Is the GUI tech what's supposed to be novel? I couldn't care less about that backend in my everyday editor use as long as the editor is fast enough. Which on modern hardware, even Idea is.

Don't get me wrong, it's a good editor still.


Currently on this machine: using 900MB of RAM, including all language servers, with nine open projects - that is pretty phenomenal. VSCode could barely keep one open with the same memory.

The perception of 'fast' is very subjective. To me having a smooth, jitter-free UI, low input latency, and instant startup, all matter a lot.


It's amazing that a gig of ram is considered lightweight for having 8 project dirs open in an editor, which normally means 8 tree views and a few open file tabs per project :)

Even more amazing that 10GB for the same purpose is considered acceptable. ± 100MB for window, project files, LSP servers, ASTs etc is something very few editors can achieve - I'm pretty sure Zed beats both Emacs and Neovim in memory consumption.

"Including all language servers" is a big part of that. I hope.

I’ll stick to my butterflies.

Good 'ol C-x M-c M-butterfly

I understand wanting your software to be well optimized, but at no point in my years of using VSCode have I ever actually had to care about how much RAM it's using. I have 32GB, I'm going to use it.

I made the mistake of buying an 8 GB macbook air m3 a while ago, thinking it would be enough. I wasn't accounting for docker or vscode. It REALLY lags. The vim mode plugin will regularly lag on nearly every keystroke, until I kill everything and restart.

On the topic of vim, the built-in vim mode in zed is really good. The helix mode is great too!!


I, too, would like to use my RAM. And I would like to be able to use it on the things I deem important, not to subsidize the laziness of devs who reach for Electron.

>I, too, would like to use my RAM.

I'd like to BETTER use my RAM, and have faster programs to boot (as programs who overuse RAM also are slower than more optimized ones).


Maybe use it to run a small local LLM + Zed instead of just VS Code?

(I’m probably off on how much memory it takes to run a small LLM, but still.)


VS Code is also offering significant more ability than Zed at the moment. If you want to sell RAM-usage as a phenomenal benefit, then you should compare it with similar editors, like Sublime or (Neo)Vim.

But why have 9 open projects?

Like the vast majority of the time I have one. If I want to switch projects I close and then reopen.

On the other hand if it was smoother on one large project that would be an advantage.


My experience with Zed differed. On Linux I found it to be very memory hungry.
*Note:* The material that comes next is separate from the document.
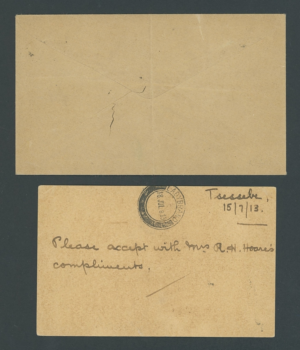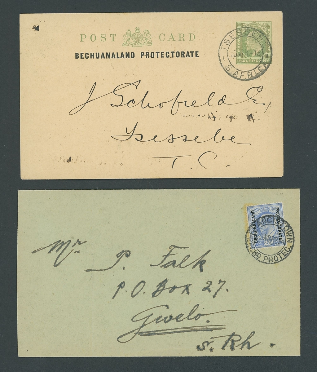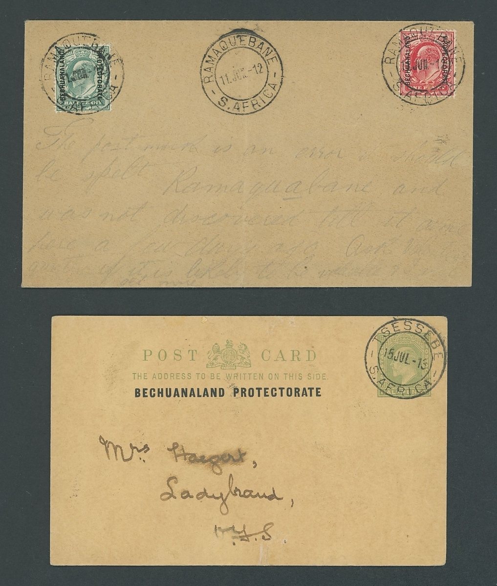 A small group (5) all franked with KE adhesives and with some rare postmarks comprising 1907 QV ½d. postal stationery card to London uprated with KE ½d. tied by

A side effect of Electron crap, before Zed many editors and IDEs on Atari, Amiga, Windows, OS/2, BeOS, Mac OS, NeXTSTEP, were written in fully native code.

I heard that Zed has very impressive collaboration features. I tried them a little and they really look well (like discord, but directly in editor). But this was very superficial look

VSCode extensions and the ecosystem is a security time-bomb. Zed looks to be doing things better.

Zed literally downloads random executables and runs them by default without asking

What?! Really?! Link? I'm not a Zed user. That comment was based off a few minutes of research, and I guess a small dose hopium of a VSCode user and understanding what a shit show the extensions setup is and wanting someone to do better.

Yep, it pulls stuff from at least npm, it’s not a secret - check the source code.

Actually it pulls latest versions (checking registry then installing that exact version, not sure why they sidestep normal resolution algorithms) no matter what .npmrc may say, so min-release-age breaks almost everywhere it integrates with JS/TS ecosystem (most visibly, Copilot). I probably should’ve filed an issue.

It also installs Go packages but I haven’t looked into that.


Recent example I looked at: https://github.com/nilskch/zed-jj-lsp, which downloads jj-lsp if not found in the system. I have seen other extensions doing similar for convenience, but can't remember names to give concrete links.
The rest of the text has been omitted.